I am trying to train a model, but I can only feed 8 images at a time bz = 8, with images of 256x256, I am getting really bad results, I know we need bigger bz in order to get gradients to propagate and get better results.
Is there a way to let your GPUs use less memory in order to increase the Batch Size?
You can use GradientAccumulation callback to make a bunch of smaller batches act like bigger ones. IE you set your batch size as 1 or 2 but you use the callback to make it update after say 20
@FraPochetti the problem with this is that because the gradients dont get to propagate, you end and with long train time to get any decent results or the model never generalizes.
@FraPochetti, because you need High Res images to have better classification on medical diagnostic.
and
In most cases (not all, for example in GANs) using bigger batches is better. But we usually have a limitation on our GPU. In this competition we have big images 1400 x 2100 and if we want to use the original size, then even P100 allows only small batches (~2 images per batch).

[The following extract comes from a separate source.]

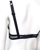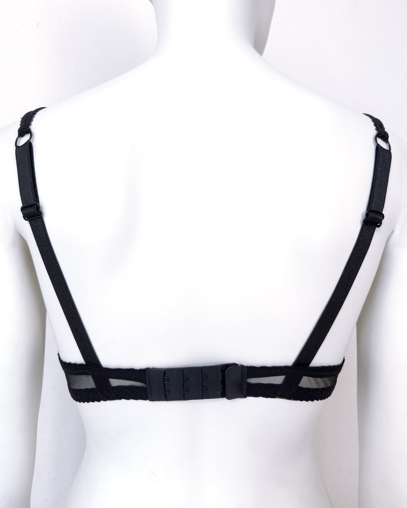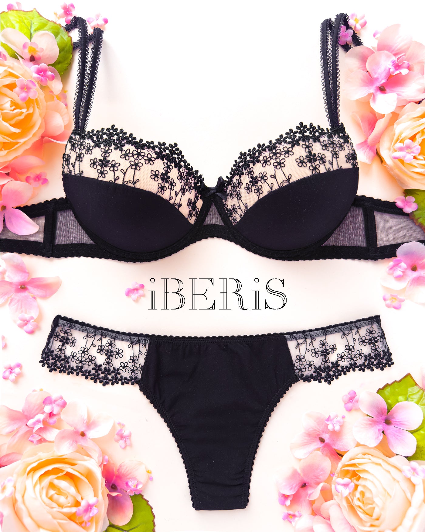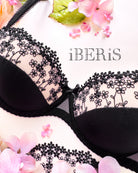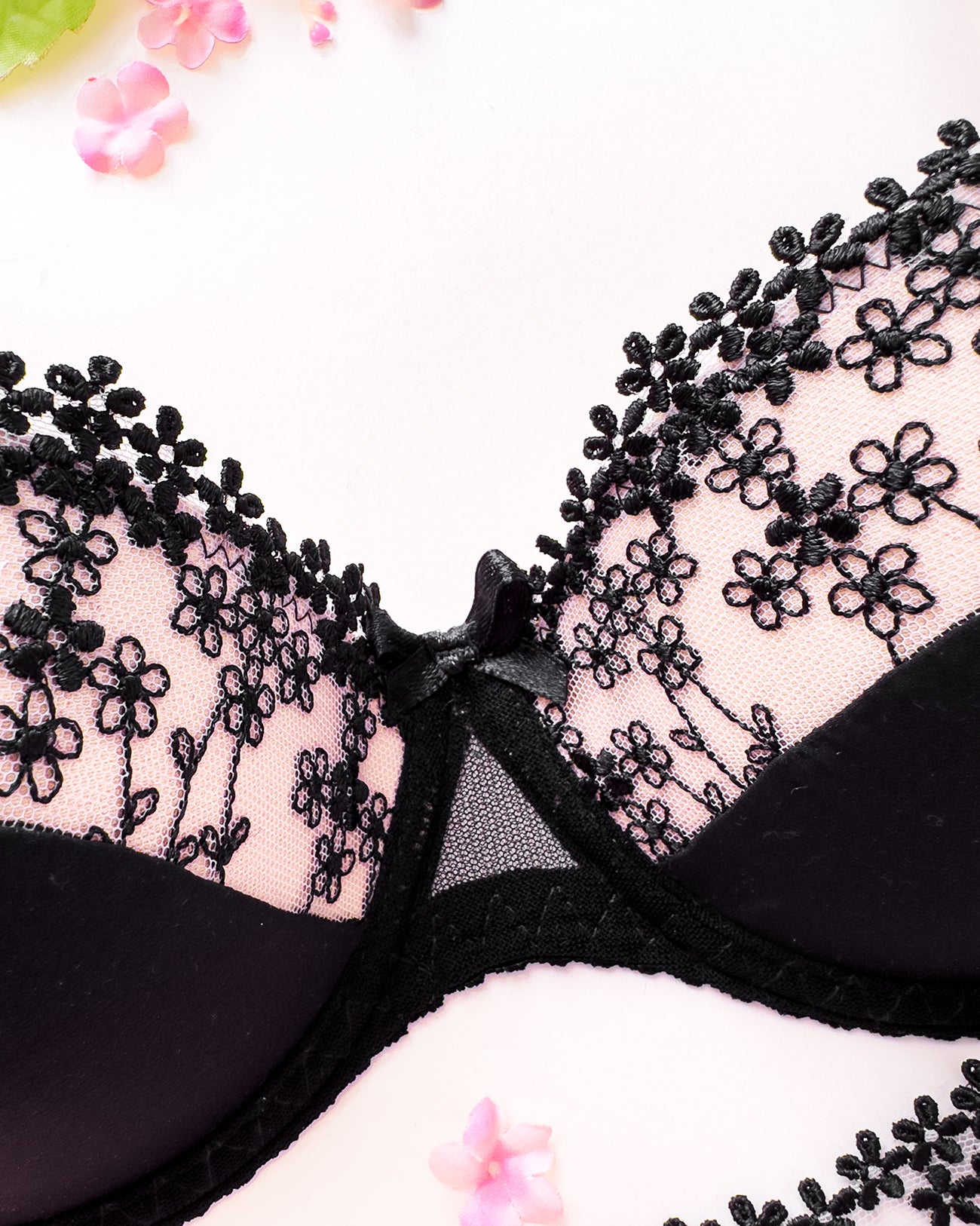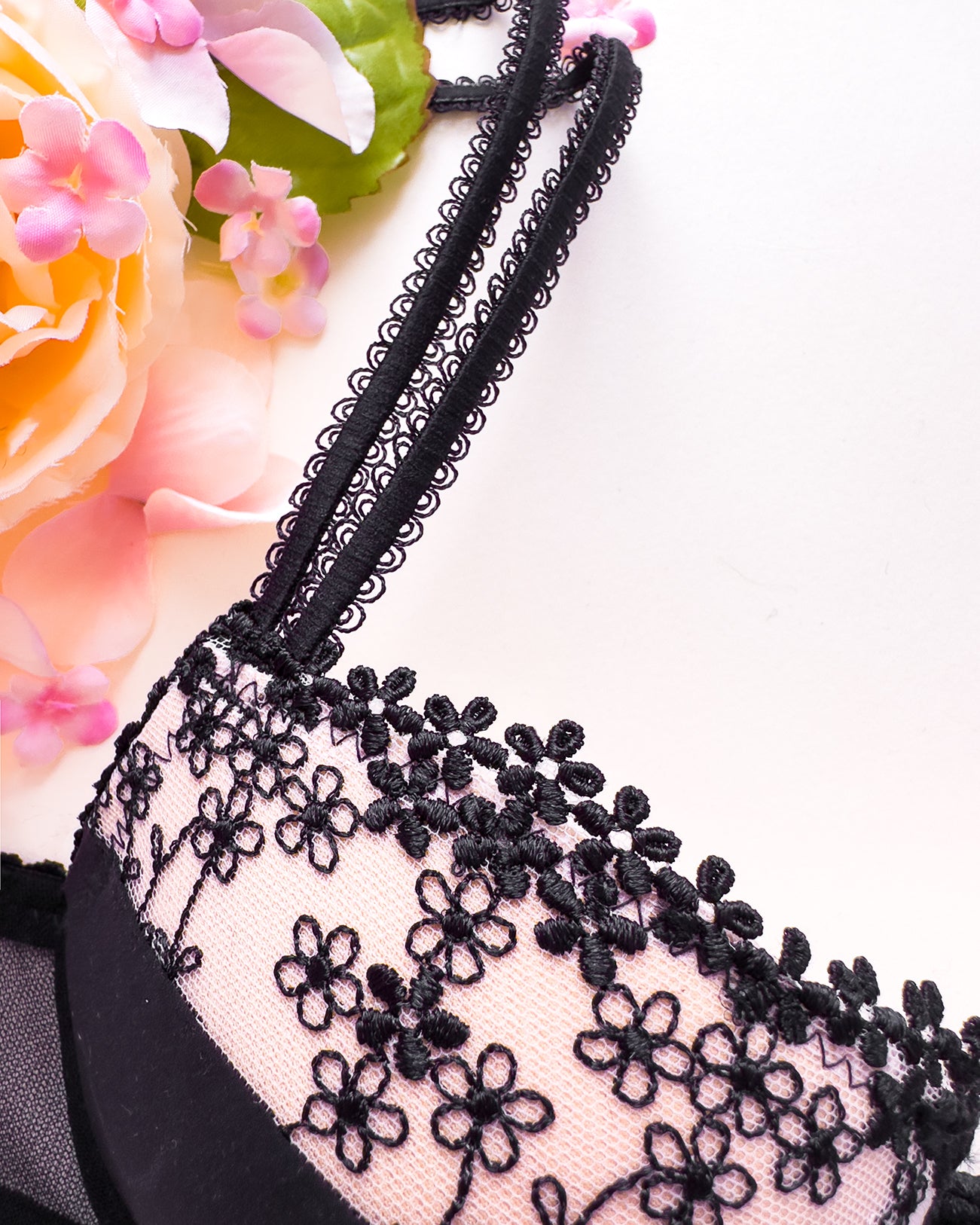 Reggiseno push-up con ferretto realizzato in soffice tessuto nero opaco elasticizzato e con smerlo ricamato. Deliziosi fiorellini neri ricamati su tulle decorano lo scollo. Fiocco centrale in raso nero.

How about breaking up the large images into smaller sizes and still retain resolution. The new smaller size would be dependant on what you are trying to classify but it may be a possible solution.
@amritv thanks for the suggestion, I have done that, the images are between 25 and 60 megs each, tiff files and I have break then down into 32 parches.
But if the parch is 512x 512, I can only use batch size of 8 and 8 parches, using parches of 128x128 I can do 32 parches with batch size of 16. this give me 0.83 - 0.84
but I need better resolution in order to get better generalization.